PROBLEM: Repeat the following data exactly, omitting pictures.

SUPPLIED MATERIAL:
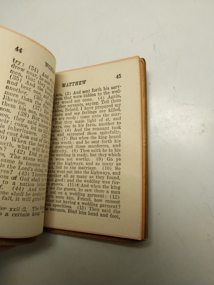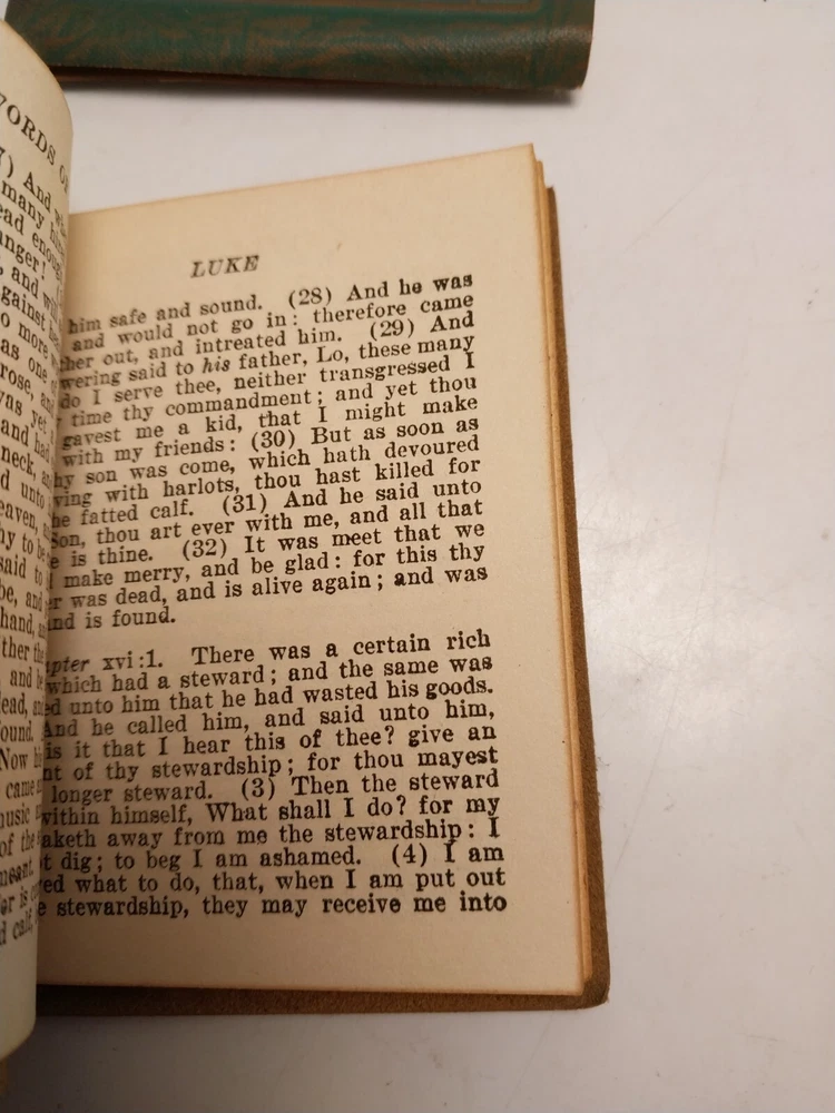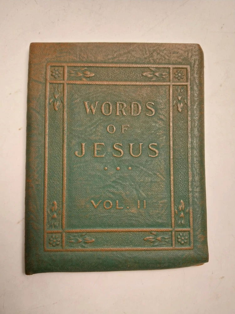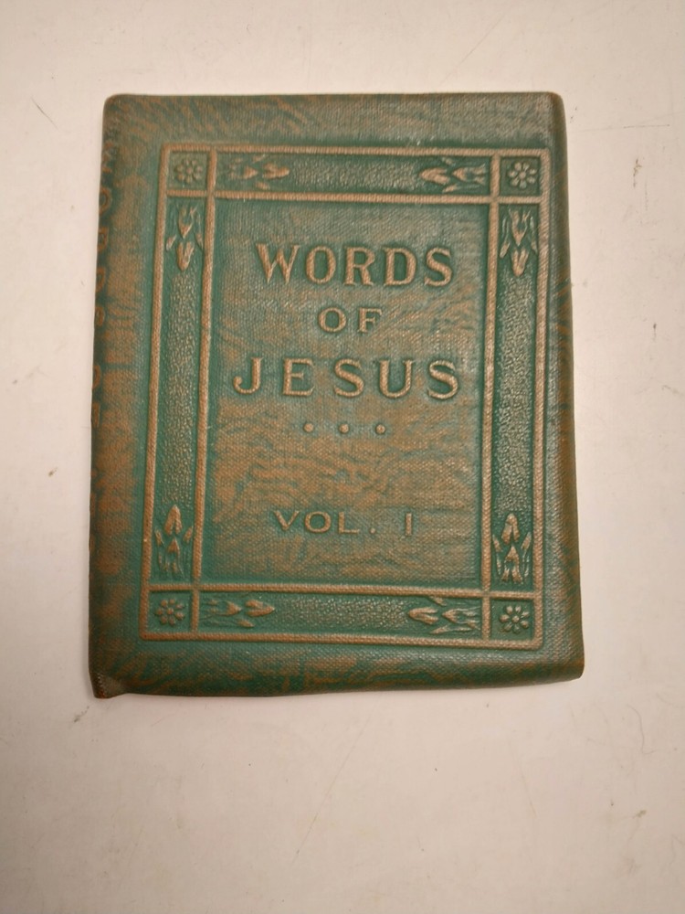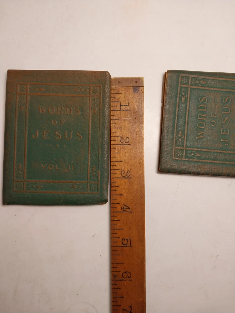 Words of Jesus vol 1&2 Bible Verse Little Leather Library Redcroft Miniature Book Set Book set measures approximately 3" x 4" and is in good used condition with some signs of age, use, and wear; age related toning to pages, please see photographs for condition details.
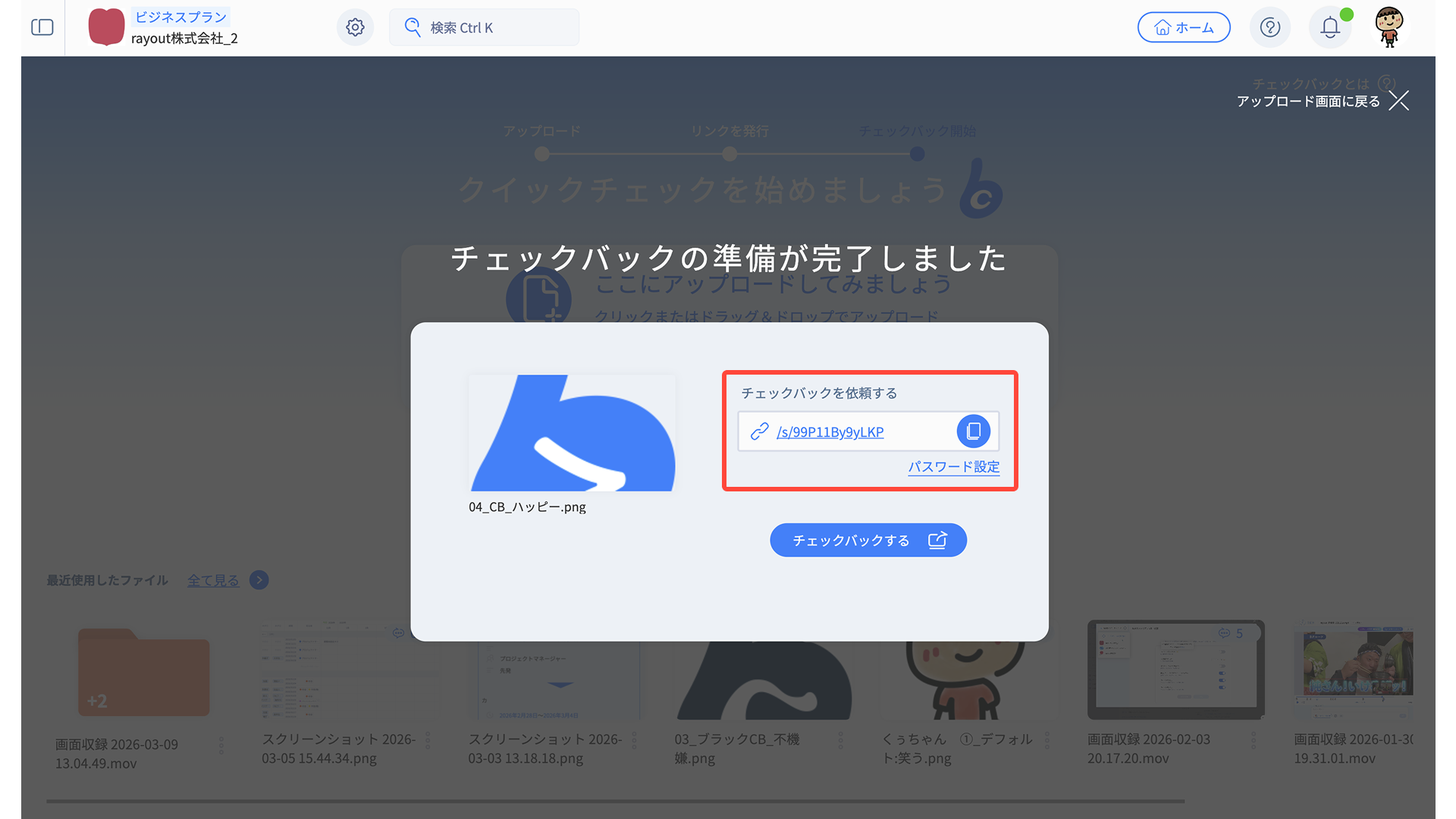 共有リンクを送るだけで、相手はそのままCheckBack上で内容を確認できます。
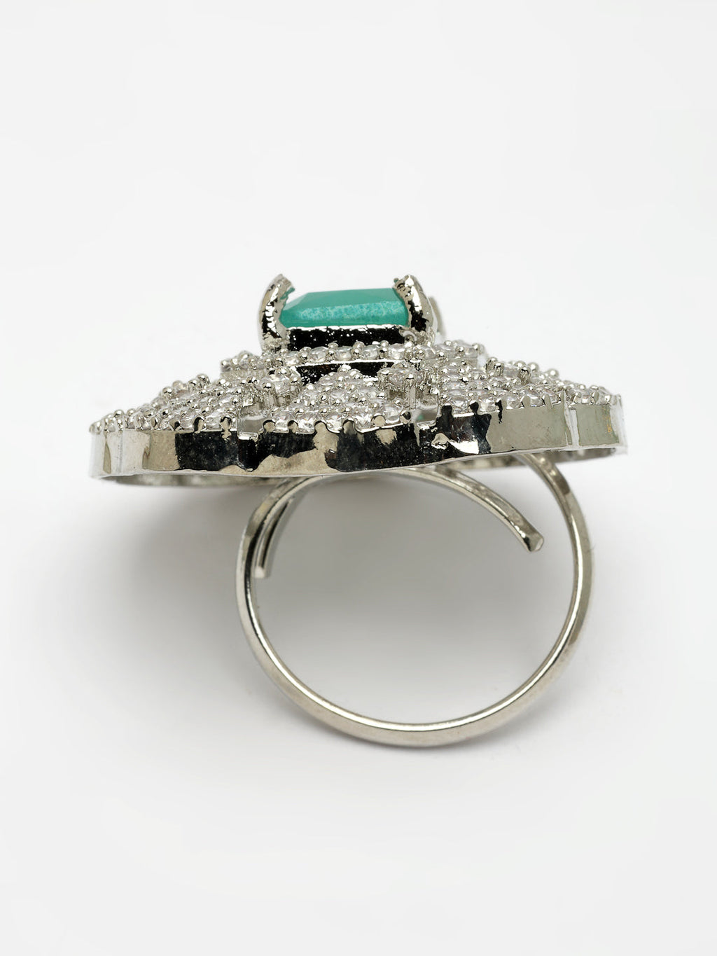 Elegant Chandelier Design: Rhodium-plated necklace set featuring a stunning chandelier design, embellished with sea green stones and white American diamonds for a luxurious look.

RESULT OF THE EXERCISE:
 Words of Jesus vol 1&2 Bible Verse Little Leather Library Redcroft Miniature Book Set Book set measures approximately 3" x 4" and is in good used condition with some signs of age, use, and wear; age related toning to pages, please see photographs for condition details.
 共有リンクを送るだけで、相手はそのままCheckBack上で内容を確認できます。
 Elegant Chandelier Design: Rhodium-plated necklace set featuring a stunning chandelier design, embellished with sea green stones and white American diamonds for a luxurious look.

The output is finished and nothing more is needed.